__Required action__
Return only the stretch of the material below that begins with the line containing "Tma420.eth 針對 Azuki" and ends with the line containing "Kupfer ist ein", exactly; both of those lines belong to it.

__Information shown__
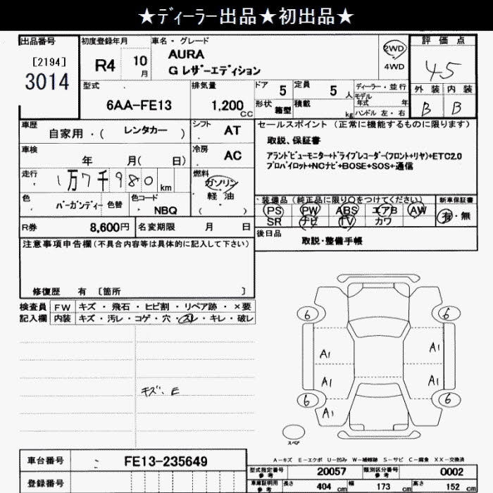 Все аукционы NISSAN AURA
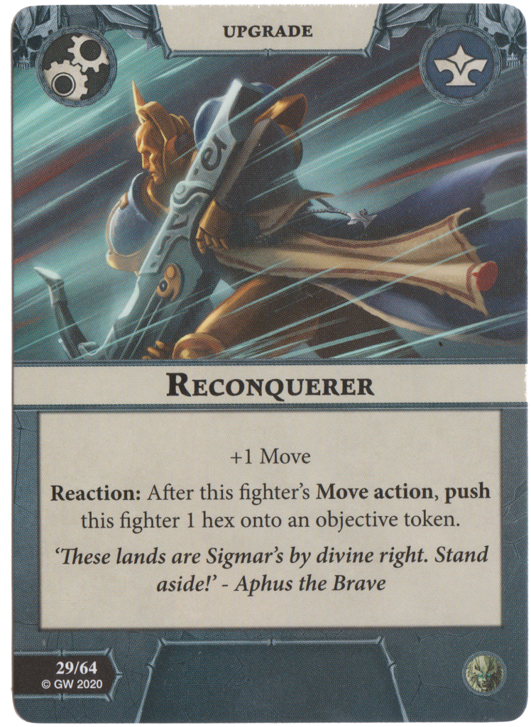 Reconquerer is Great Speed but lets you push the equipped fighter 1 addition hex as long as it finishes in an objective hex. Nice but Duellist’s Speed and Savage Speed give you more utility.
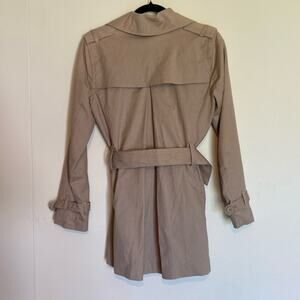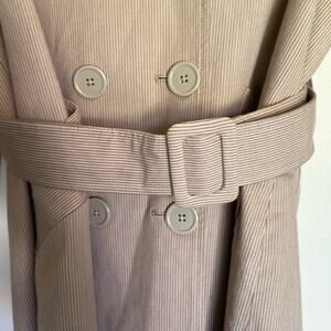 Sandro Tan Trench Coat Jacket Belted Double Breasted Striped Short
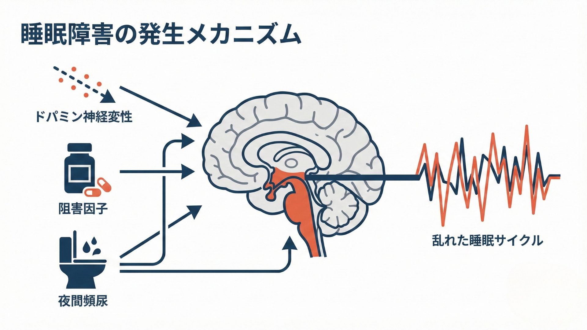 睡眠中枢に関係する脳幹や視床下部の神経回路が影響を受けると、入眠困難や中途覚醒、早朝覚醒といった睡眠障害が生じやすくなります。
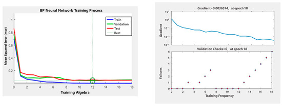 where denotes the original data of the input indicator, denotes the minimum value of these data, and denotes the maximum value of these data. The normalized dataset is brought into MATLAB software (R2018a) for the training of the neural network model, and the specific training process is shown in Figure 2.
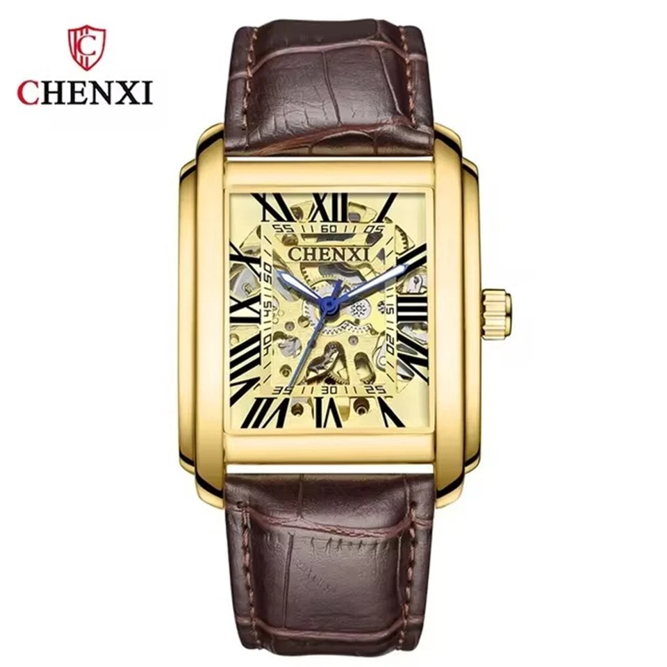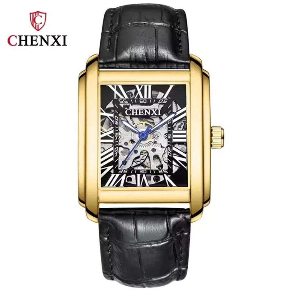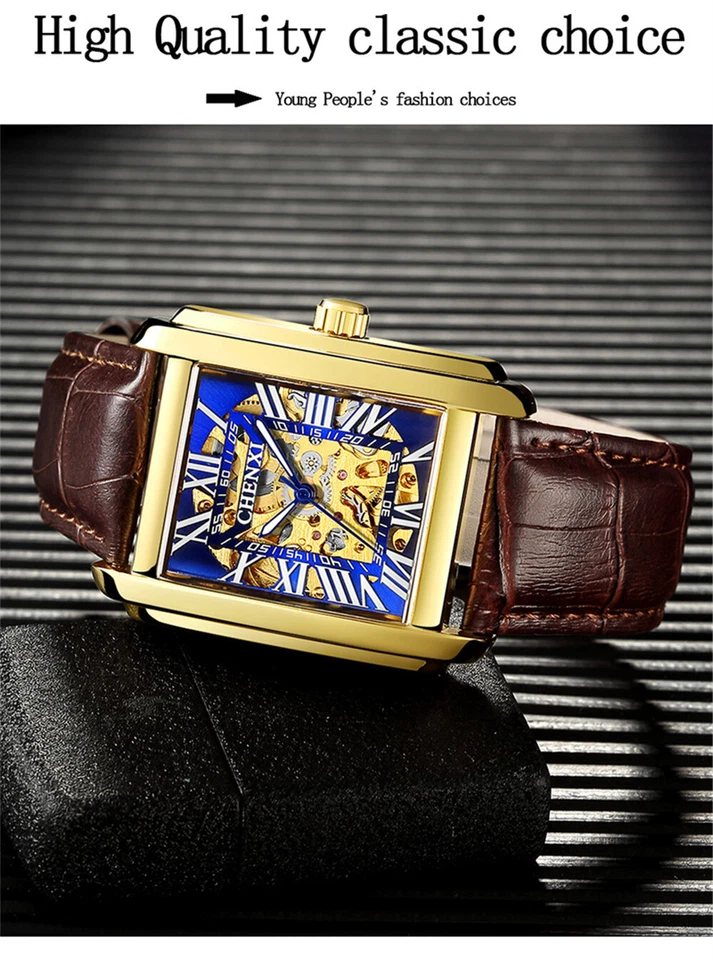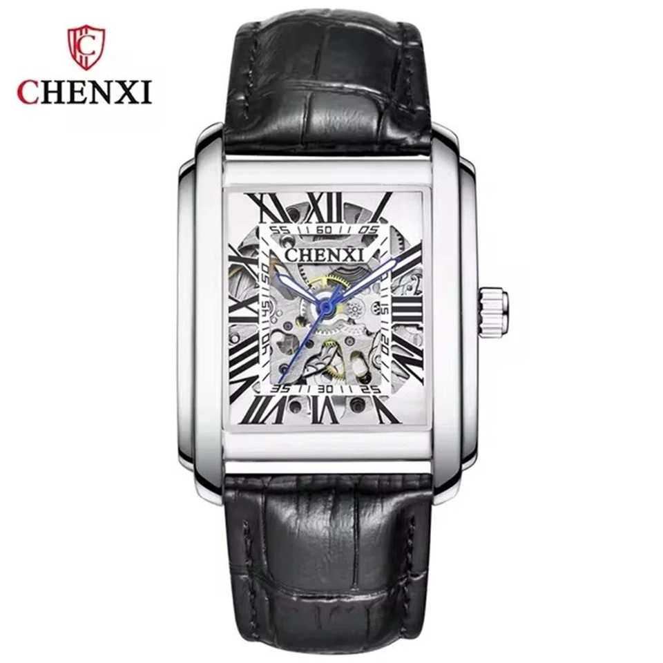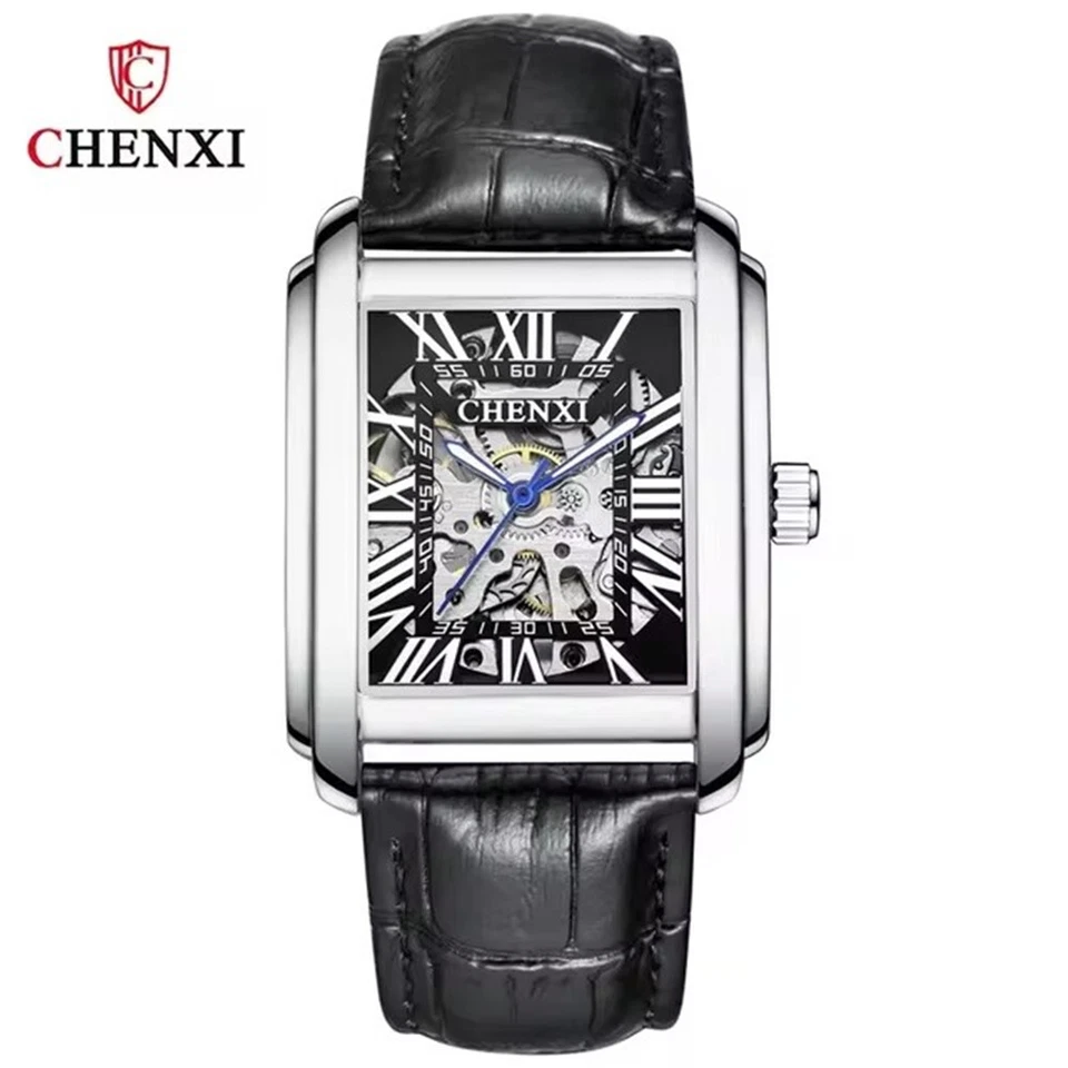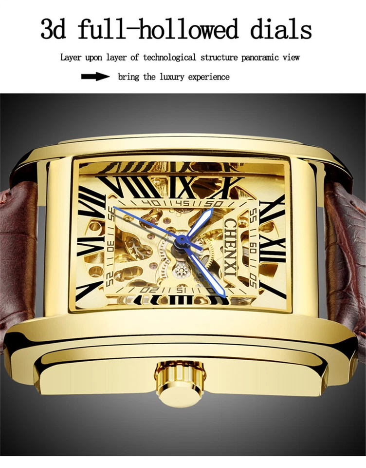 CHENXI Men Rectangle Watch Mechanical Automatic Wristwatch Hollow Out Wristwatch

...

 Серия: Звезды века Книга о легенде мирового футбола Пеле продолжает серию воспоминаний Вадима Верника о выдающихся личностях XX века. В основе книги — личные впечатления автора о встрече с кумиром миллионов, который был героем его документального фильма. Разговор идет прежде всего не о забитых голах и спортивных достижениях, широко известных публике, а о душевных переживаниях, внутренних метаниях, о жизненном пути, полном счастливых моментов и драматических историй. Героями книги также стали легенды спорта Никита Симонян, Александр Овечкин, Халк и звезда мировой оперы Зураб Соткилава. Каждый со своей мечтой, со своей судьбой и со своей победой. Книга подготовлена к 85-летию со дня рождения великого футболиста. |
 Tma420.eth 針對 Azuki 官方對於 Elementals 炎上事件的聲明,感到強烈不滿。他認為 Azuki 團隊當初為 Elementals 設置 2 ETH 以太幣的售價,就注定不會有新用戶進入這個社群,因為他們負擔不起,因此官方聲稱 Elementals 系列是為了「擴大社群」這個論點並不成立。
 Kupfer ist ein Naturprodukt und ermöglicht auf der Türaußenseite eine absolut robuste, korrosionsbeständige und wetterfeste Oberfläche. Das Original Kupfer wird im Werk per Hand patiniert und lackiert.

__Exercise response__
 Tma420.eth 針對 Azuki 官方對於 Elementals 炎上事件的聲明,感到強烈不滿。他認為 Azuki 團隊當初為 Elementals 設置 2 ETH 以太幣的售價,就注定不會有新用戶進入這個社群,因為他們負擔不起,因此官方聲稱 Elementals 系列是為了「擴大社群」這個論點並不成立。
 Kupfer ist ein Naturprodukt und ermöglicht auf der Türaußenseite eine absolut robuste, korrosionsbeständige und wetterfeste Oberfläche. Das Original Kupfer wird im Werk per Hand patiniert und lackiert.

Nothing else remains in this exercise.